[Date Prev][Date Next][Thread Prev][Thread Next][Date Index][Thread Index]
Re: [idn] ietf london idn wg meeting minutes
One note:
The minutes is combination of notes from David Lawrence and Donald E.
Eastlake. Thanks for been the wg scribes.
-James Seng
----- Original Message -----
From: "Marc Blanchet" <Marc.Blanchet@viagenie.qc.ca>
To: <idn@ops.ietf.org>
Sent: Wednesday, August 22, 2001 2:17 AM
Subject: [idn] ietf london idn wg meeting minutes
> included is the first version of the idn wg meeting minutes.
> please send editorial comments to me, substantive comments to the
mailing list.
>
> Marc.
>
> ===========================================
>
> IETF IDN Working group session
> 9 August 2001
> London, England
>
> Agenda Bashing:
>
> Agreement on the floor to cut
> Reordering, nameprep update, Uname proposal, Hangulchar, tsconv
> from planned agenda.
>
> ================================================================
>
> WG UPDATE, Marc Blanchet
>
> Coordination with other groups/efforts:
> - IETF apps area
> - "requirements" for encoding: ACE or UTF8
> - directory efforts: directory@apps.ietf.org
> - Unicode/ISO
> - Any modifications to Unicode/ISO tables should be done by those
> parties, not IETF
> - IETF dnsext WG
> - Any modification to DNS protocol should be discussed in dnsext
> - ICANN/IANA
> - Policies
>
> - Pool W, pool of documents that identify core of interest by WG
> - Currently:
> - requirements
> co-chairs believe there is a wg rough concensus and intend to
forward
> it to IESG for Informational.
> - idna
> - nameprep
> - dude
> - aceid
> - jpchar
> - ace-eval-jp
> - mace
> - uname
> - tsconv
> - udns
> - amc-ace-z
> - hangeulchar
> - lsb-ace
> - Today's focus is on standards track proposals
>
> ================================================================
>
> ACE EVALUATION WITH IDNs ALREADY REGISTERED, Yoshiro Yoneya
>
> - Done by CNNIC, KRNIC, TWNIC and JPNIC with data they have for
> registered domain names, focusing on ACEs in Pool W.

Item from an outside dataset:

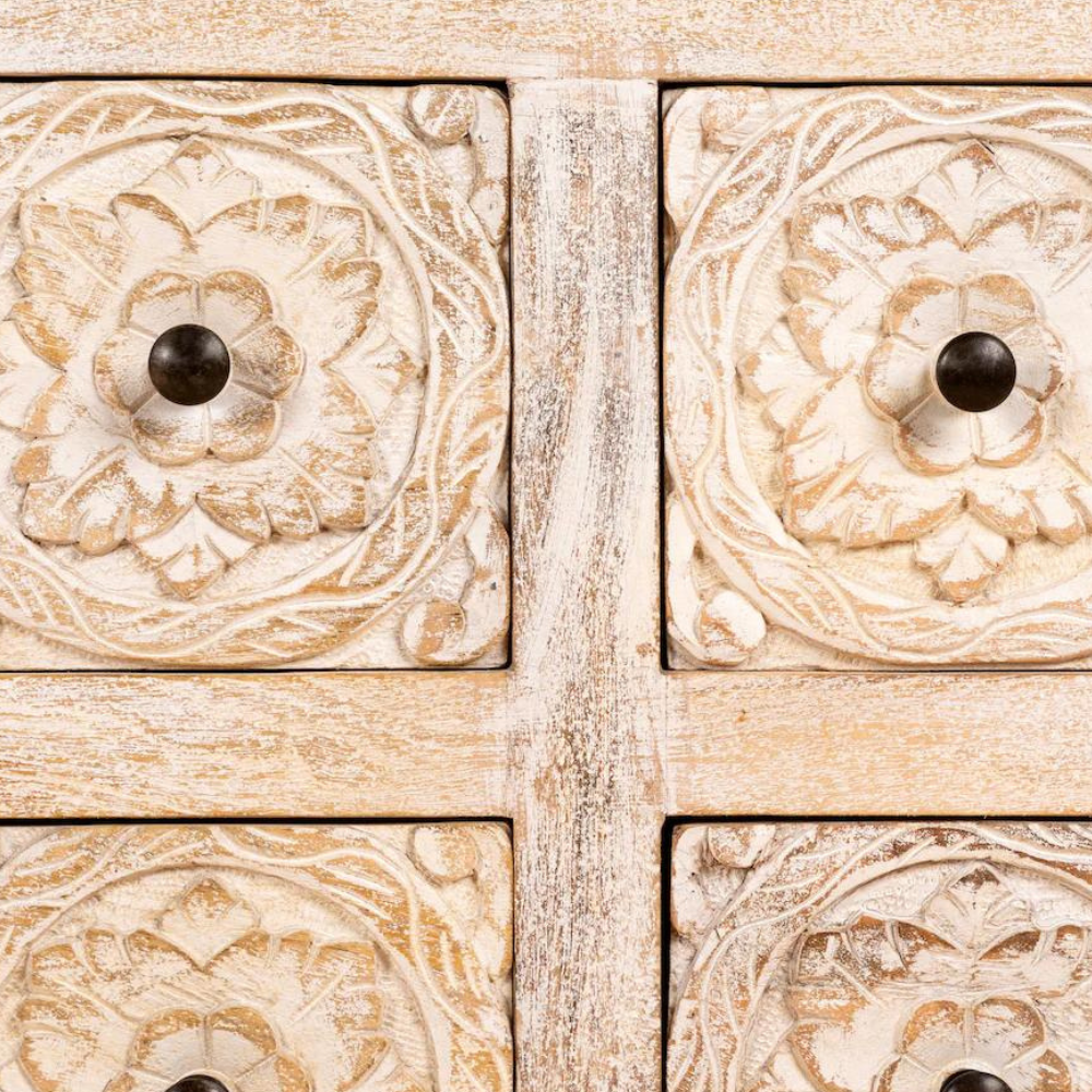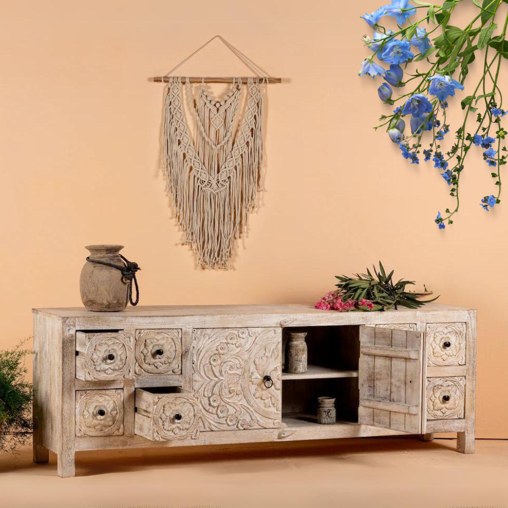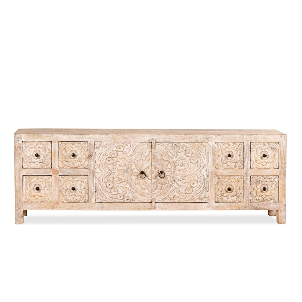 Discover the TV cabinet, a beautiful piece of furniture made from mango wood. Its soft white-washed color adds a touch of sophistication to your living space. What makes it truly special are the hand-carved engravings that decorate its surface, showcasing the incredible craftsmanship of Indian artisans. This TV cabinet not only offers practicality but also brings a sense of timeless elegance to your home. Elevate your decor with the TV cabinet, a unique fusion of style and artistry that reflects India’s rich design heritage.

> - Most important evaluation criterion to study is to maximize number
> of characters, raw speed is less important because nameprep is the
> slow stage.
> - Long IDNs (more than 15 Han characters) are already registered.

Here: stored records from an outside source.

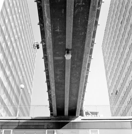 Gångbro över Sergelgatan sedd underifrån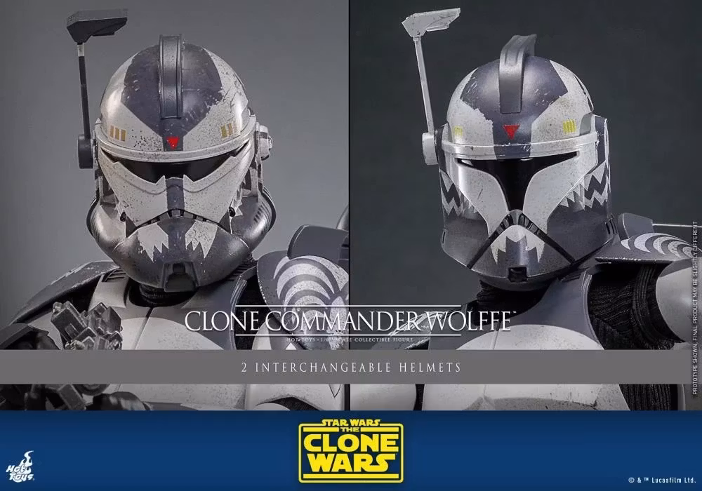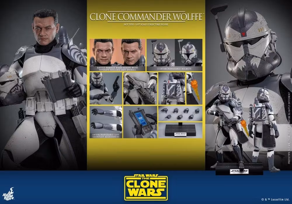 Den mycket exakta Clone Commander Wolffe-samlarfiguren har karaktärernas unika rustning och hjälm med vädereffekter och distinkta markeringar, en huvudskulptur med realistisk likhet, utbytbara hjälmar och handsketillbehör för att återskapa fas-I- och Fas II-rustningens utseende, ett blastergevär, ett par blasterpistoler, en jetpack, en datapad och en displaybas!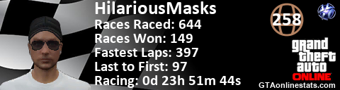 [URL=http://GTAonlinestats.com/showplayer/HilariousMasks][IMG]http://GTAonlinestats.com/racesignature/HilariousMasks/sig.png[/IMG][/URL]

> - Evaluated ACEs: DUDE, AMC-ACEZ, MACE and RACE
> - Focus on DUDE and AMC-ACE-Z with MACE&RACE as reference
>
> Graphs of efficiency of domain names from each of KRNIC and TWNIC,
> where AMC-ACE-Z shows best compressions
>
> Charts showing that the four NICs consider AMC-ACE-Z to be either good
> or very good, while others were "bad" or "very bad" for at least one
NIC.
>
> MACE co-authors (including the presenter, Yoneya-san) support
> AMC-ACE-Z.
>
> Recommendation from the study is: AMC-ACE-Z
>
> ================
> WG Questions for sense of the group:
>
> Question: If there is a need for an ACE, choose one:
> - DUDE few hands
> - AMC-ACE-Z most hands
> - MACE (removed at request of
authors)
> - don't care but want an ACE chosen fair bunch of hands
>
> Erik Nordmark: question is, if you use an ACE, this is the one. Not
> saying you need to use an ACE anywhere.
>
> ?: What is re-ordering?
>
> James Seng: pre-processing to make more frequently used chars more
> compressed.
>
> Paul Hoffman: Not binding vote. Should be comfirmed on mailing list.
>
> Concensus: AMC-ACE-Z (with many don't care so long one is choosen)
>
> Should we do reordering?
> - Yes some hands
> - No some hands
> No clear result of poll.
>
> Erik Nordmark: A lot fewer people participated in the former poll but
> not the latter. Why?
>
> Bill Manning: We read the draft but didn't understand it, and need to
> read it again.
>
> Paul Hoffman: Don't understand the re-ordering draft. Does not
> broaden to other scripts.
>
> Larry Masinter: Re-ordering adds complexity.
>
> Kilnam Chon: Re-ordering is critical for CJK but add complexity.
>
> Paul Hoffman: This draft adds complexity, so perhaps people are
waiting
> to decide how to judge whether the added complexity is worth it.
>
> Eric Chen: This is just intended to help CJK. Most of the interest
> is in CJK. Why not?
>
> James Seng: What I'm hearing is that the authors should do a
> cost/benefit analysis, but it is clear the draft is not ready to move
> forward.
>
> Erik Nordmark: Can someone do a pro/con analysis draft, or someone do
pro and
> someone con, to help drive the discussion on the mailing list?
>
> Paul Hoffman: Let's make Adam [Costello] do it. [laughter]
>
> Kilnam Chon: This straw poll process isn't really valid because not
> enough representation from people for whom this is really important.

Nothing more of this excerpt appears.